Девушка ловким движением выдернула иглу, и жук упал ей в подставленную ладонь. Она быстро вышла из дома — Варя за ней, — размахнулась, и блестящий черный комок исчез в траве.
— Думаешь, выживет? — глянула на Варю в упор белесыми глазами. — Неа! — И, оттеснив девочку, первая вернулась в дом.
— Ты меня поняла? Жукову незачет! — повторила бабушка, всматриваясь в опустевший квадрат, словно бы в поисках оставшихся признаков жизни.
— Накажем! — сказала аспирантка жизнерадостно. — Сейчас я его вызову. Трудно мне одной с ними со всеми. Я двадцать раз придурку этому объясняла: «Не справился — начинай сначала!» Евгения Филипповна, как славно, что вы приехали!
Она распахнула дверь на улицу и, высунувшись по грудь, позвала зычно:
— Гусейн!
— Как Гусейн? — спросила Варя.
— Гусейн Жуков, и такое, милая моя, бывает. — засмеялась бабушка наставительно.
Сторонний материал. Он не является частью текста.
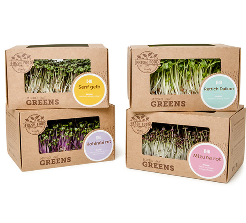 Microgreens sind junge Gemüsepflanzen, die du im Keimblattstadium erntest und verzehrst. Die jungen, zarten Kraftprotze bieten dir damit nicht nur puren Genuss, sondern auch einen zwischen 4- und 40mal höheren Nährstoffgehalt als ausgewachsene Gemüsepflanzen.

— Видно, отец имя дал, — сказала Люда, обращаясь исключительно к старухе. — А уж когда развелись, мать фамилию сыну на свою поменяла. Куда он делся? — Она высунулась снова. — Антон, Гусейна найди!
— Погодите, погодите! — затараторила Варя, панически путаясь в словах. — Зачем? Это чепуха! Жуков — жук! Такого большого нашел. Ну, не сумел все, ну, не смог. Он хотел. Его же дразнят: Жуков-Жук. Так? А теперь начнут издеваться: Жуков из-за жука пострадал. А он без отца, Жуков.
— Что с тобой, Варюха? — спросила бабушка тревожно.
— Дался вам жук! — Слезинка пробежала у Вари из левого глаза. — Вы их все равно убиваете! Все равно! Убиваете! Что, кузнечика меньше жалко?
— Усыпляем, — поправила старуха. — Усыпляем, но не пытаем. И это не кузнечик, а кобылка.
— Не наказывай Жукова! Ты и так во всем права! Ты второй месяц уже права! Ты хочешь, чтоб я, как мама, заболела, да? Я поперлась с тобой в это дебильное место! Ты хоть в чем-то хоть когда-то мне уступи хоть! — Слезы свободно и легко текли у Вари по лицу.
— Ладно, только успокойся. Что ты? — испуганно лепетала старуха. — Впечатлительная.
— Звали? — раздался веселый голос.
Варя закрыла лицо руками и сквозь пальцы в размытом свете увидела взъерошенного паренька, который стоял в дверях, ухмыляясь, и посасывал стебелек травы.
— Свободен, — сказала бабушка.
— Свободен! — прикрикнула Люда.
Он пожал плечами и исчез.
Через полчаса бабушка и внучка стояли на кромке леса возле станции.
— Смотри, смотри. — Бабушка карикатурно сгорбилась, пальцем достигая земли.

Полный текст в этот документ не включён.